Inside, there was a circular hall with paintings representing great Syrian independence victories through history: the signing of an ancient treaty at Ebla, Zeinobia’s declaration of independence at Palmyra, Mu’awiyah’s founding of the Ummayad dynasty at Damascus, Salah ed-Din’s consolidation and, finally, the pinnacle: Hafez al-Assad preparing for the Tishreen War. This was similar to the Egyptian telelogy, which of course went back to the Pharoahs.
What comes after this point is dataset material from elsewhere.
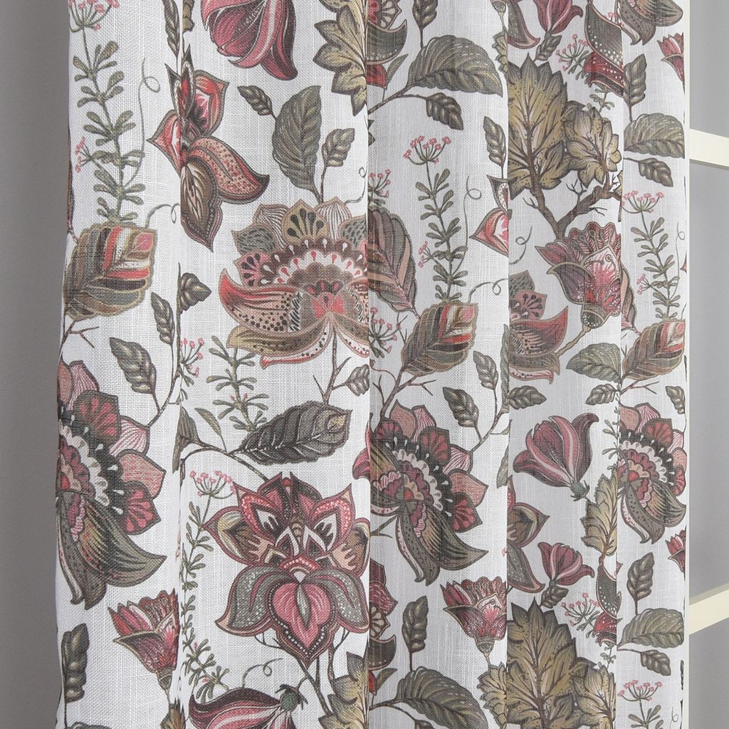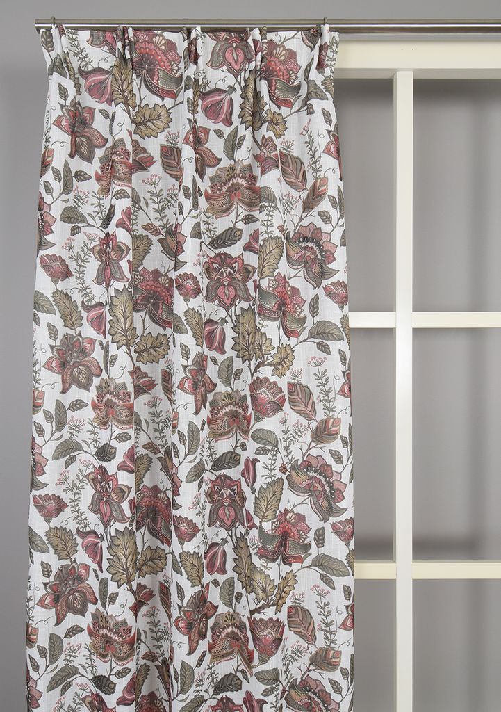 Shelly vit-rosa gardinlängder med vit botten och tryckt rosa och grönt mönster. Tygets slubeffekt skapar en levande struktur som ger gardinerna ett sofistikerat utseende.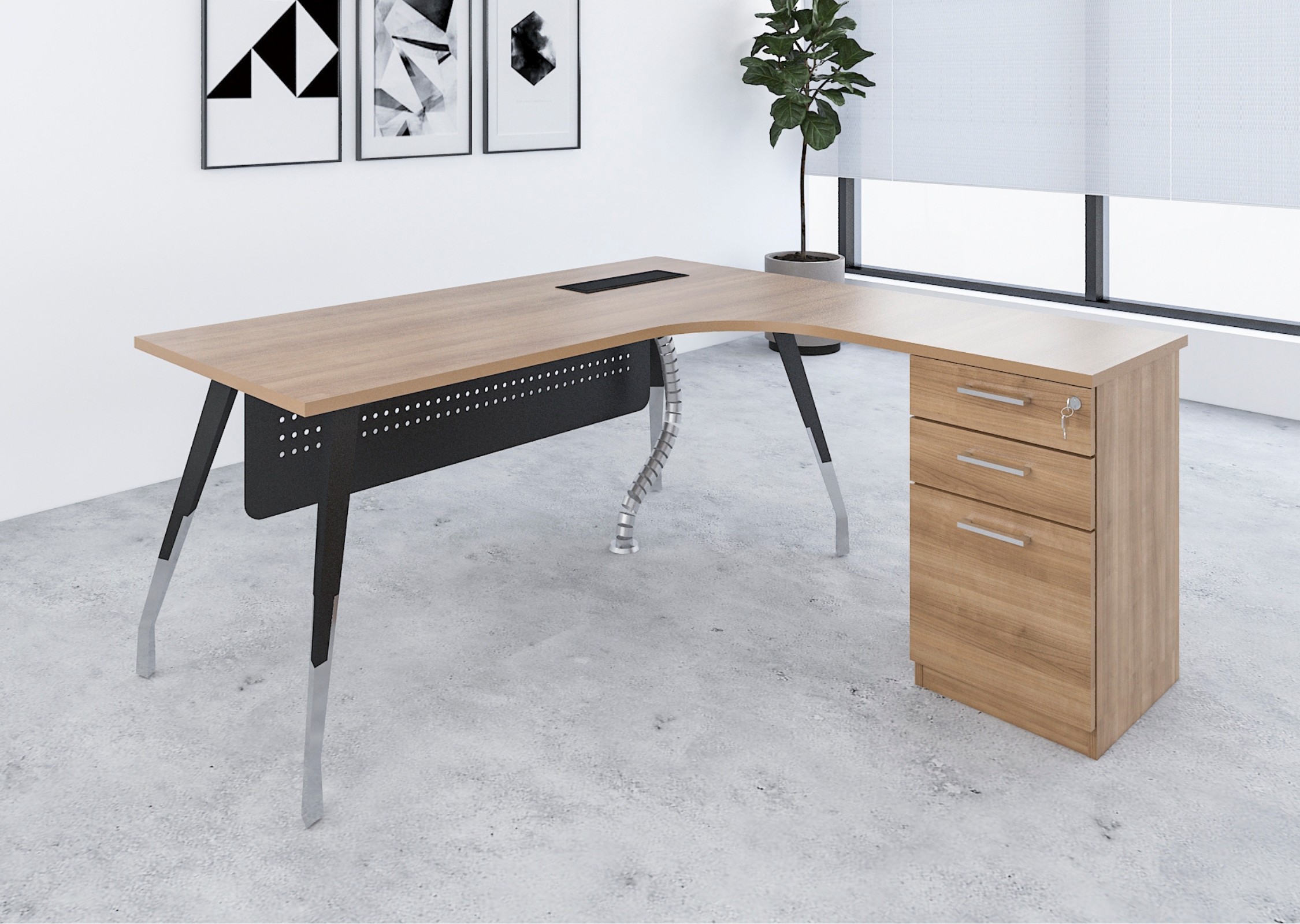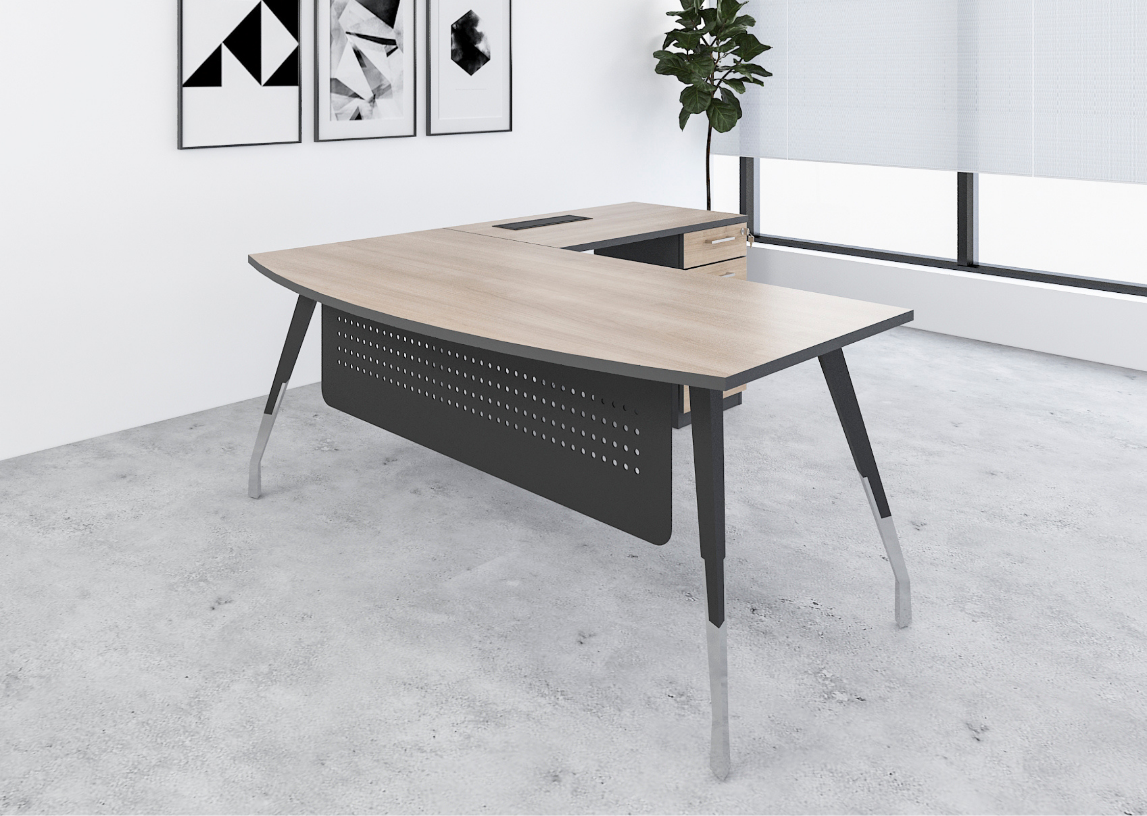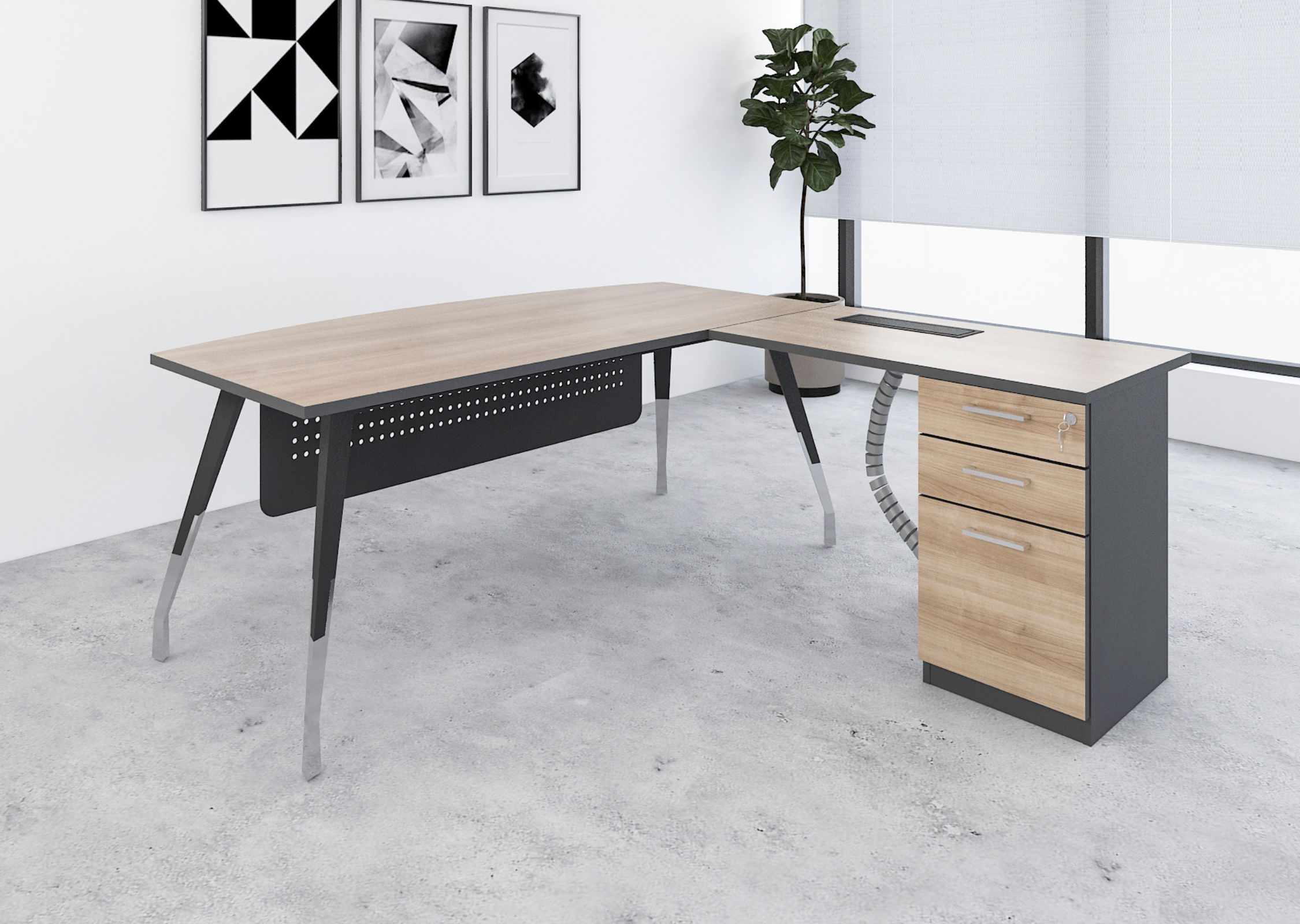 A premium manager desk equipped with a combination cabinet for ample storage, offering a sophisticated and practical solution for executives who need both style and functionality.

Our next stop was the diorama, where I was instructed, before all the soldiers arrived, that I should stand up at the beginning when the national anthem started. The soldiers streamed in, in a remarkably disorganized fashion, with their own tour guide behind. I thought it noteworthy that they picked young, attractive women not wearing the head-scarf to be tour guides for both visitors and Syrians. The diorama depicted the glorious capture of the Israeli observation post on a hill above Quneitra, one of the early key goals of the Tishreen War campaign. This was analogous to the initial surprise attack of the air forces, then led by Hosni Mubarak, represented in the Egyptian version. That latter display included a lot of lights and flashes that went off at odd intervals, with model airplanes bobbing and swinging about oddly on strings over the model landscape. The North Koreans apparently learned from their mistakes in Cairo and simply built a static diorama of the scene which remained dark, a film of the action in the background, until the climax, when the scene was lit up with strobe lights, conveying the heat of battle. After the end, my guide asked me how I liked it. “It was better than the Egyptian version,” I responded.

Finally came the big shebang, the panorama itself, which was introduced to me by enumerating the hours it took to complete and the number of stage lights used to illuminate it. My guide told me that, after seeing it, I could leave if I wanted, as there was no English version, and it would be disruptive for her to translate. Most foreign visitors, she said, become bored after a while, as they can’t understand the Arabic. But, oh no, there was no way I was going to miss the main attraction. Someone gave the order for some soldier to remove himself from a seat at the end so that I could have one, despite my protestations. We sat in the middle of the panorama, mostly all facing the same direction, while the platform slowly rotated around to give the audience a gradually changing scene of the battle at Quneitra. I did, indeed, become tired of the narration, but the panorama remained captivating. The exacting skill that went into the thing was impressive, with the scaled models below more-or-less seamlessly blending with the two-dimensional representation on the outer wall. There were blown-up tanks, cowering Israeli soldiers, variously triumphant and heroically martyred Syrian and Egyptian soldiers, a baby doll hung by its head on a swingset, presumably by those brutal Israelis. Meanwhile, the soldiers took turns scrambling over the chairs and trying to strike an appropriately somber pose while having their pictures taken by their comrades with the panorama in the background. When it was all over, my guide tried to summarize a bit, talking about the injustice and attrocity of the Jews—I mean Israelis (her slip, not mine).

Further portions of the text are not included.